De erfenis van Clara Rozijn

Mierdse ruïne inzet planschadevergoeding
ED 2007
 
Clara Rozijn mag de herbouw van haar boerderijtje aan de Neterselsedijk in Lage Mierde zelf niet meer meemaken. Precies tien jaar na haar dood doen de erfgenamen een nieuwe poging om het oude optrekje te herbouwen. Het verzoek voor een vergoeding vanwege planschade na het intrekken van de bouwvergunning, houdt aanstaande dinsdag de commissie grondgebied bezig.
Het boerderijtje aan de Neterselsedijk is al jaren een markant voorkomen in het straatbeeld op de weg van Lage Mierde naar Netersel. Het pand werd oorspronkelijk bewoond door Lage Mierdenaar Jan Steenbreker die zijn nicht Clara Rozijn van Westelbeers naar Lage Mierde haalde om voor hem te zorgen. Haar zorg werd vorstelijk beloond want bij het overlijden van haar oom erfde ze de complete boerderij.
Clara kon echter niet lang genieten van haar nieuwe bezit omdat de boerderij in verval raakte. Voor de oude stenen was nog geen cement gebruikt waardoor de muren een voor een omvielen: slechts één buitengevel die later werd gebouwd overleefde alle stormen.
Clara zat er niet mee en trok zich terug in een van de bijgebouwen. Vanuit het kippenhok zag ze het leven aan de Neterselsedijk aan zich voorbij trekken. Toen ze in 1977 een vergunning kreeg om de boerderij te herbouwen maakte ze daar geen gebruik van.

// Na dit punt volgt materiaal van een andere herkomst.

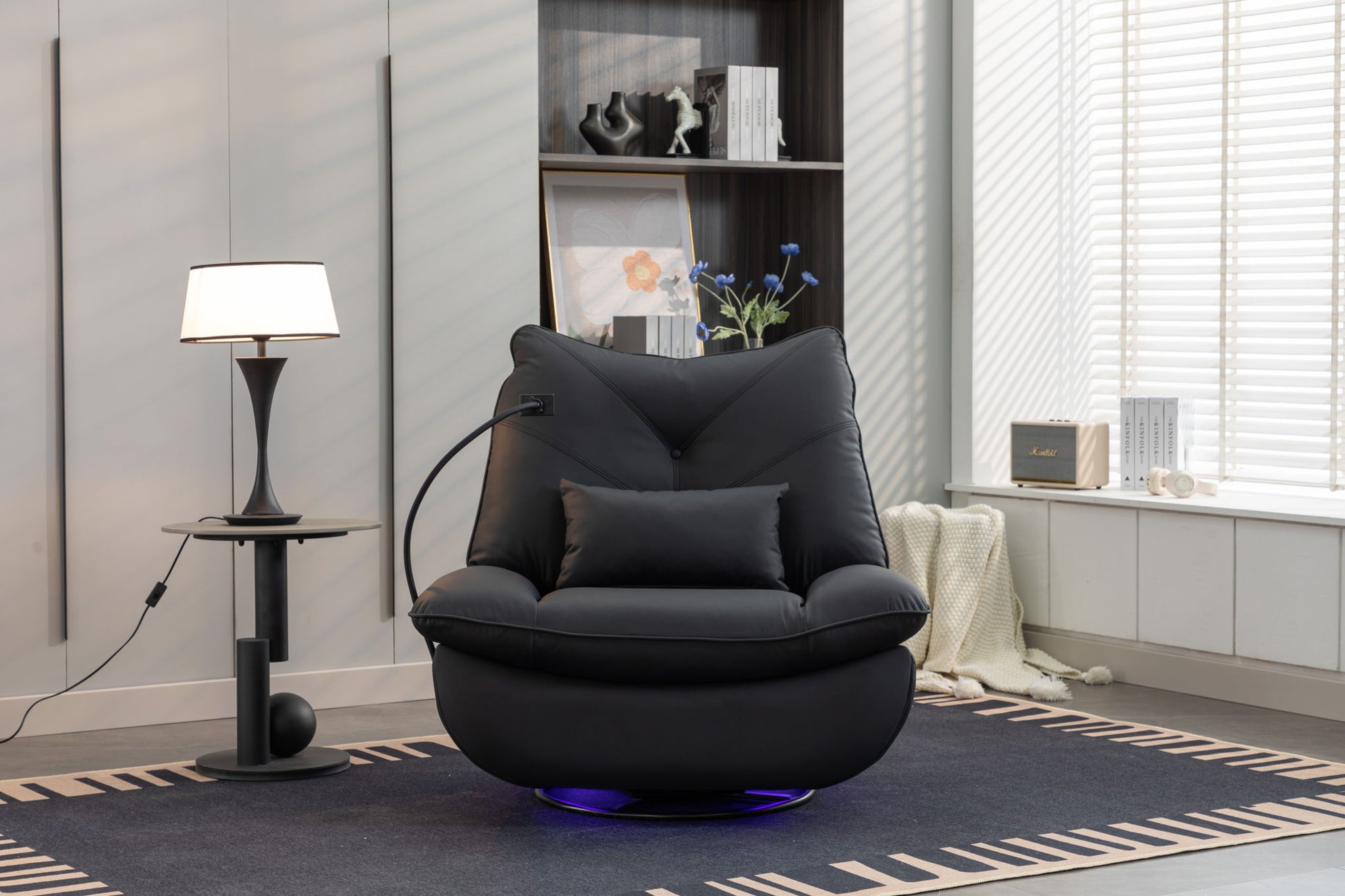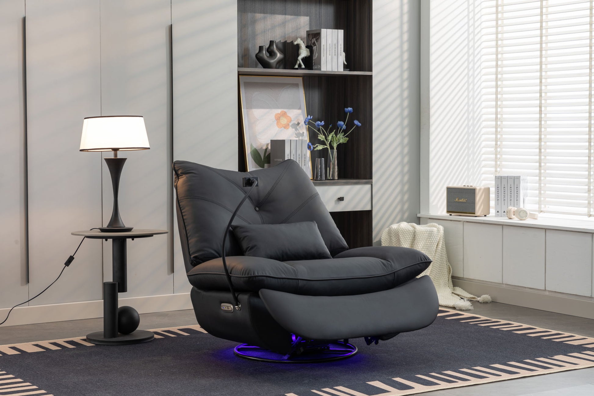 270 Swivel Glider Recliner Chair, Power Recliner Rocking Chair, USB Port Charge For Nursery Chair With Atmosphere Lamp For Living Room Bedroom Apartment - Black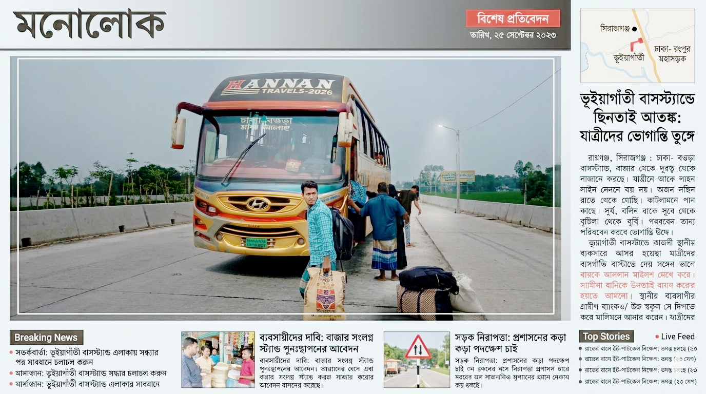 মনোলোক : রায়গঞ্জ (সিরাজগঞ্জ) উপজেলা : সিরাজগঞ্জ রায়গঞ্জের ঢাকা- রংপুর মহাসড়কের ভূইয়াগাঁতী পূর্ব বাসস্ট্যান্ডে ছিনতাই আতঙ্কের ঝুঁকিতে যাত্রী সাধারণ।

Toen de gemeente Hooge en lage Mierde tien jaar later constateerde dat er nog steeds geen begin was gemaakt met het ruimen van de bouwval en het bouwen van een huis, werd de boerderij niet meer als woning in het bestemmingsplan opgenomen. In 1989 volgde nog een verzoek om te gaan bouwen maar toen daar niet op gereageerd werd volgde het intrekken van de vergunning en daardoor ook van de bestemming wonen: een opmerkelijke actie voor Clara die hierdoor het recht op wonen in haar eigen huis leek te verliezen
Toen Clara Rozijn in 1993 overleed realiseerden haar neven en nichten, als meest directe familieleden, dat hen een fortuin ontglipte. Ze vroegen al in 1994 toestemming om de boerderij alsnog te herbouwen maar het verzoek werd afgewezen omdat het de toenmalige gemeente Hooge en Lage Mierde niet duidelijk was of de nazaten van Clara als belanghebbenden konden worden aangemerkt.

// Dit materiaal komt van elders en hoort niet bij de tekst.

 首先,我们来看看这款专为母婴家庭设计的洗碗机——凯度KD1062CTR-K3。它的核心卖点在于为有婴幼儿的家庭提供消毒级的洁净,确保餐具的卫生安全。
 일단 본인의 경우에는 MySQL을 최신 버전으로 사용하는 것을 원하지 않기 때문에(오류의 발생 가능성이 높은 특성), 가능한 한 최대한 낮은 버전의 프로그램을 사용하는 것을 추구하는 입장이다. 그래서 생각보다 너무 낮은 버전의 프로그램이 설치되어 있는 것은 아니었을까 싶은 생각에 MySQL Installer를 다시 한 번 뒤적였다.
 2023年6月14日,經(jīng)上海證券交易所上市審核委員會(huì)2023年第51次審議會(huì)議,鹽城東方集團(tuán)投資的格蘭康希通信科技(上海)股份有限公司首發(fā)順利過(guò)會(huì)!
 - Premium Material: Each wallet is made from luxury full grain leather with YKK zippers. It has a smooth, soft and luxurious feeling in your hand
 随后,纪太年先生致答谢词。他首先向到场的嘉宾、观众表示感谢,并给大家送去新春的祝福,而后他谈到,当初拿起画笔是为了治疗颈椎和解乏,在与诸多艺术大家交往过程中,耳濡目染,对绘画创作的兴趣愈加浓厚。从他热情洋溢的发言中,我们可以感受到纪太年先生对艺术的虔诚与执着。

In de tien jaar die er verstreken na haar dood vermaalden storm en regen de restanten van de boerderij tot een onooglijke ruïne. Een oude waterput geeft nog de plek op de binnenplaats aan en het kippenhok toont de plek waar Clara haar laatste dagen telde. Struikgewas overwoekerde de stenen en het werd er stil.